Un bracelet astucieux

La deuxième partie de ce principe novateur est le suivant : si les nanoparticules magnétiques découvrent des structures potentiellement « dangereuses », elles sont activées. Le groupe ne veut pas actuellement donner de détails, mais une chose est claire : « Nous recueillons les particules, et nous leur demandons ce qu’elles ont vu », dit Conrad simplement. Voici comment : un bracelet communique avec des particules dans la circulation sanguine et mesure leur fluorescence ou d’autres propriétés optiques. La méthode est adaptée pour de nombreuses maladies – depuis des cellules dégénérées à des polymorphismes nucléotidiques simples (SNP) qui sont associés à des risques élevés. Google nomme par exemple les cancers, les accidents vasculaires cérébraux ou les crises cardiaques, et le spectre peut être étendu presque à volonté. Du point de vue de l’économie de la santé, cela est particulièrement intéressant pour les troubles métaboliques, notamment le diabète de type 2. Le plus vite sera le mieux.

Le meilleur des mondes

Andrew Conrad espère pouvoir présenter le nouveau système de diagnostic dans quelques années ; les experts extérieurs au groupe Google misent sur une décennie de recherche et développement. Il faut un gros effort pour, par exemple, fabriquer des bras en peau artificielle et réelle en vue d’examiner le transfert de données optiques entre les particules et le bracelet in vitro. Les chercheurs de Google y travaillent déjà. Ils s’attendent à de grandes différences en fonction de l’épaisseur de la peau et de la pigmentation. Le système en est, selon Conrad, toujours « à un stade précoce »; le voyage sera « long et difficile ». Un autre défi est de surmonter ce qu’on appelle la couronne protéique : si vous introduisez de petites particules dans le sang, le corps réagit en plaçant une enveloppe de protéine protectrice autour des intrus. Cela a un sens biologique, mais est indésirable pour le diagnostic.

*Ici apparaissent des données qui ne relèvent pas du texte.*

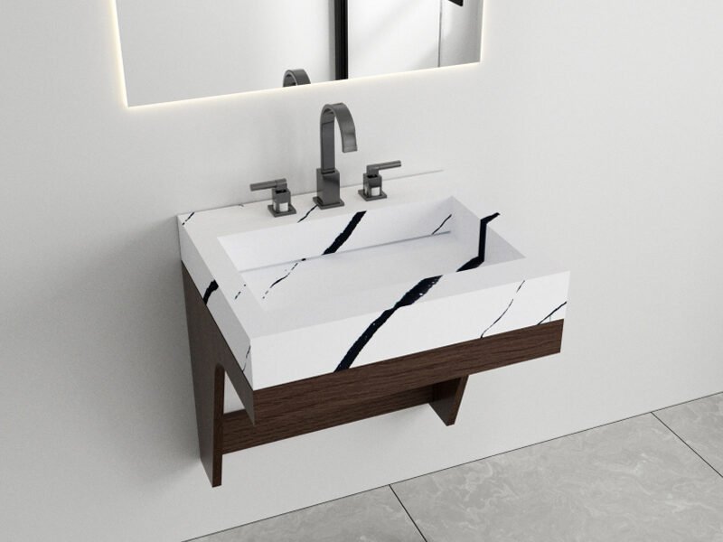 Quartz stone basins are highly durable and scratch-resistant, made from natural quartz bound with resin. They provide a premium, consistent appearance and perform well in high-traffic commercial and luxury residential bathrooms. Their non-porous surface makes them resistant to bacteria and moisture, ensuring better hygiene over time. They also retain their color and finish for years, even with heavy daily use.

Des projets de recherche sont lancés depuis un certain temps, même en dehors du laboratoire secret de Google. Actuellement, les scientifiques ne peuvent pas répondre à la question de savoir si le diagnostic par nanoparticules peut créer des maladies. Il y a au moins des indications, que des experts ont exposées. Chez les personnes souffrant de maladies cardio-vasculaires, la maladie s’aggrave lorsqu’elles sont exposées à des nanoparticules de gaz d’échappement diesel. Le Massachusetts Institute of Technology (MIT) signale également de possibles dommages génétiques. Compte tenu de ces incertitudes, ces NanoTools seront mis en place pour des patients présentant des facteurs de risque connus incluant l’historique familial : une méthode utile pour le diagnostic précoce. Le fait est que Google ne voit, dans un premier temps, ne donner un accès aux données de son nouveau bracelet qu’aux professionnels de la santé, il ne sera pas accessible directement aux autres personnes. De possibles erreurs de diagnostic pourront donc être rapidement évitées. Il n’y a jusqu’à présent aucun détail sur la protection des données.